EXERCISE AIM:
Starting with the first line of the material, reproduce exactly each line up to and including the one that contains "9月4日,锂电池、固态电池概", leaving out every picture.

BEGIN

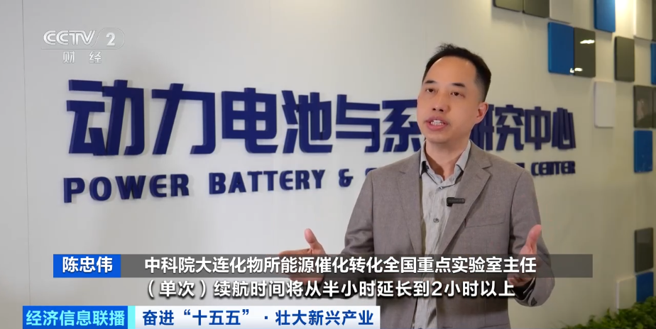 中科院大连化物所能源催化转化全国重点实验室主任 陈忠伟:搭载我们系统的巡检无人机,单次续航时间将从半小时延长到2小时以上,巡检半径超100公里,可覆盖江苏高速任意两个相邻服务区的往返。
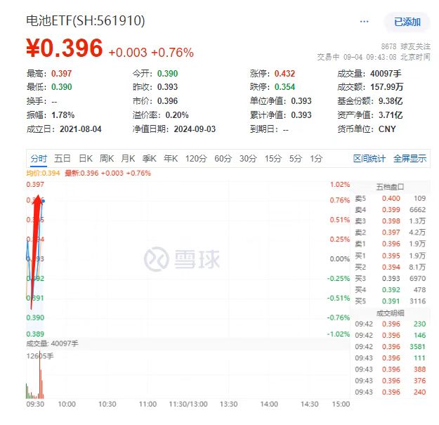 9月4日,锂电池、固态电池概念反复活跃。截至9时46分,表征板块的电池ETF(561910)垂直拉升一度涨1.02%;成分股南都电源、星源材质、当升科技、恩捷股份、盟固利、尚太科技涨幅居前。
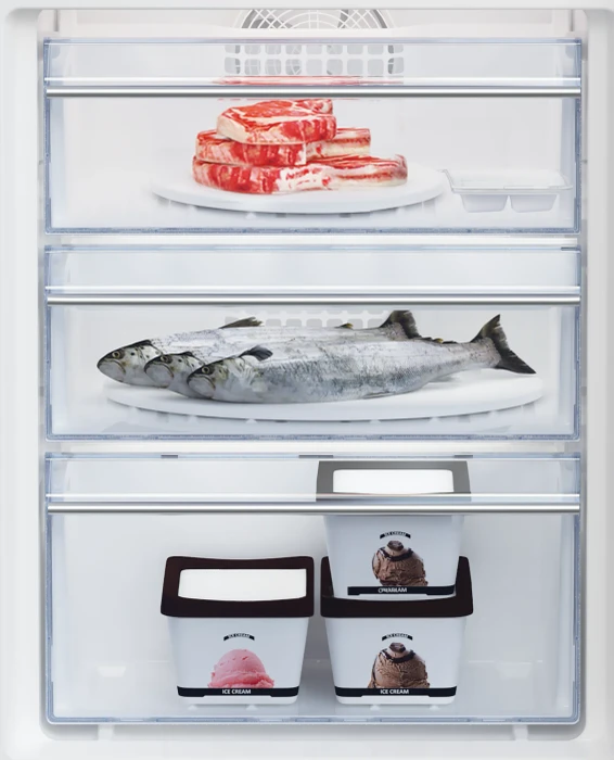 Dankzij het NoFrost-koelsysteem wordt vocht actief afgevoerd, waardoor ijs- en rijpvorming geen kans krijgt. Dat betekent: altijd een ijsvrije vriezer, constant lage energieprestaties en geen tijdverlies meer aan handmatig ontdooien. Kortom: maximale gemak, minimale moeite.
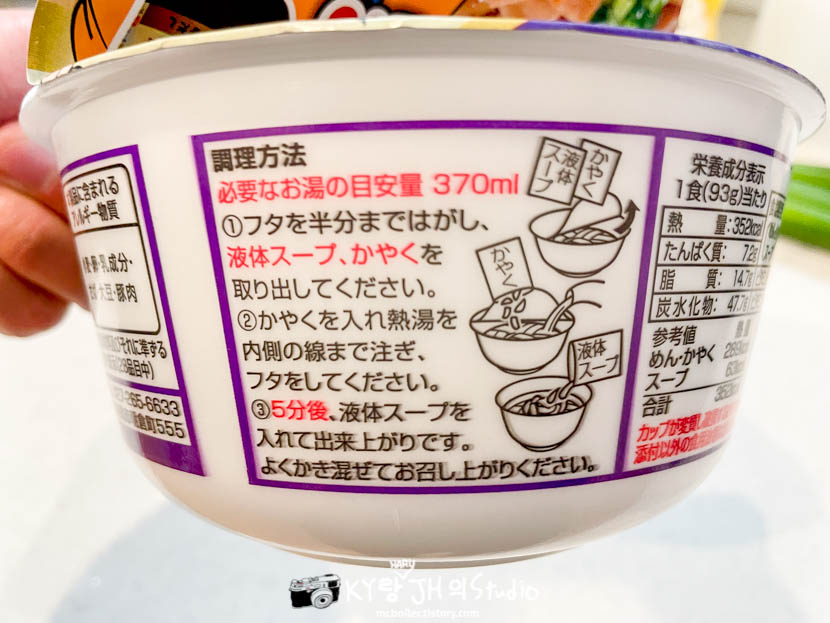 그리고 액체 스프에 잘 짜서 넣으라는 설명이 써 있어서 그대로 마지막까지 잘 짜서(?) 넣었는데 액체 스프안에 기름이 조금 굳어 있는 생태 였기에 아~~이래서 잘 짜서 넣으라고 써 있었구나~~라고 느끼는 한편 이렇게 기름이 들어 있는 다른 제품들은 컵라면에 뜨거운 물을 붓고
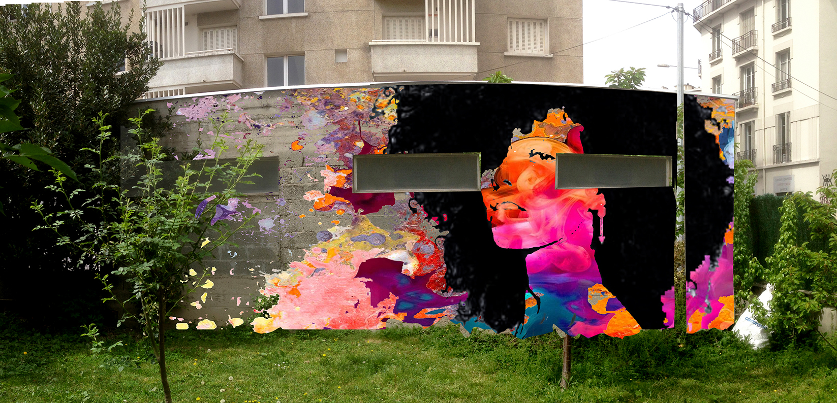 Série de proposition de fresque dans le but de peindre un mur mitoyen entre deux copropriétés .
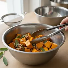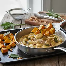To danie to kwintesencja jesieni na talerzu. Aksamitne, delikatne gnocchi ziemniaczane otulone kremowym sosem na bazie pieczonej dyni hokkaido, której naturalna słodycz doskonale komponuje się z ziemistym aromatem świeżej szałwii. Każdy kęs to połączenie miękkich kluseczek, rozpływającej się w ustach dyni i chrupiących, podprażonych orzechów włoskich, które dodają potrawie głębi i tekstury. Całość dopełnia wyrazisty, słony smak parmezanu, który idealnie balansuje słodycz dania. Wizualnie potrawa zachwyca ciepłą, pomarańczową barwą, przełamaną zielenią listków szałwii. Jest to danie niezwykle sycące i rozgrzewające, idealne na chłodniejsze dni. Można je podawać jako wykwintne danie główne na specjalne okazje, ale jest na tyle proste w przygotowaniu, że sprawdzi się również jako pomysł na wyjątkowy, codzienny obiad.
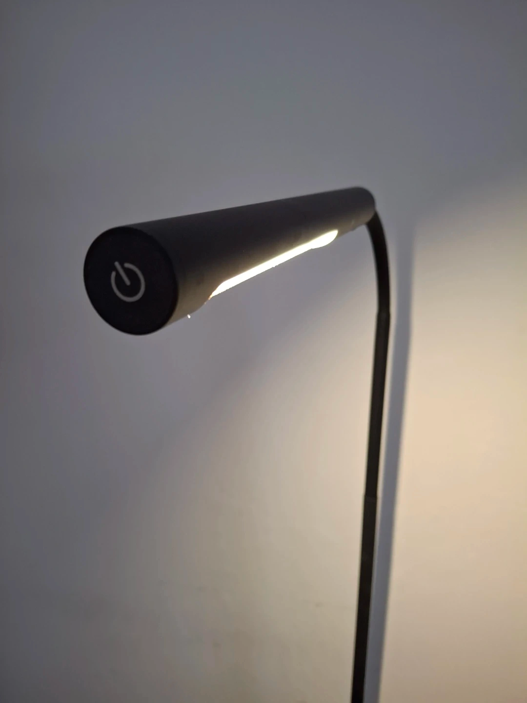 AUKEY LED floor lamp with an adjustable gooseneck. It has a simple on/off power button. The slim design fits easily into most spaces.
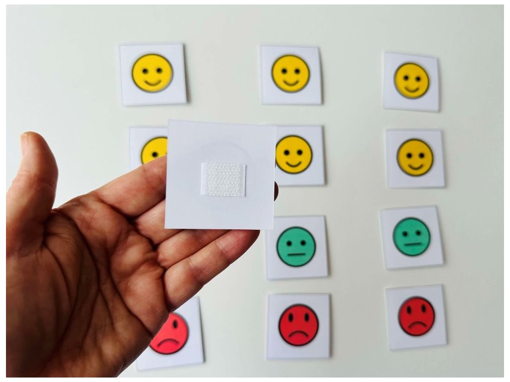 Laminovaná verze - 12 laminovaných kartiček se suchým samolepícím zipem (háček) na spodní straně, velikost cca 5x5 cm. V balení 6 ks žlutých, 3 ks zelených a 3 ks červených smajlíků.
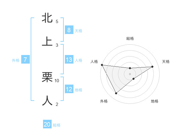 北上 栗人さんの総格は20画の1点!
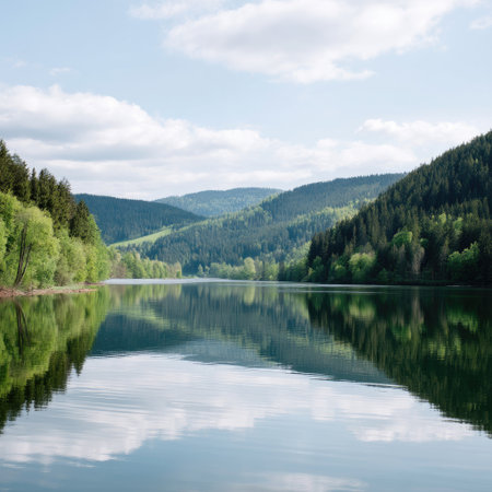 Tranquil view of Granestausee, a reservoir in Harz Mountains National Park, Germany

END

EXERCISE RESPONSE:
 中科院大连化物所能源催化转化全国重点实验室主任 陈忠伟:搭载我们系统的巡检无人机,单次续航时间将从半小时延长到2小时以上,巡检半径超100公里,可覆盖江苏高速任意两个相邻服务区的往返。
 9月4日,锂电池、固态电池概念反复活跃。截至9时46分,表征板块的电池ETF(561910)垂直拉升一度涨1.02%;成分股南都电源、星源材质、当升科技、恩捷股份、盟固利、尚太科技涨幅居前。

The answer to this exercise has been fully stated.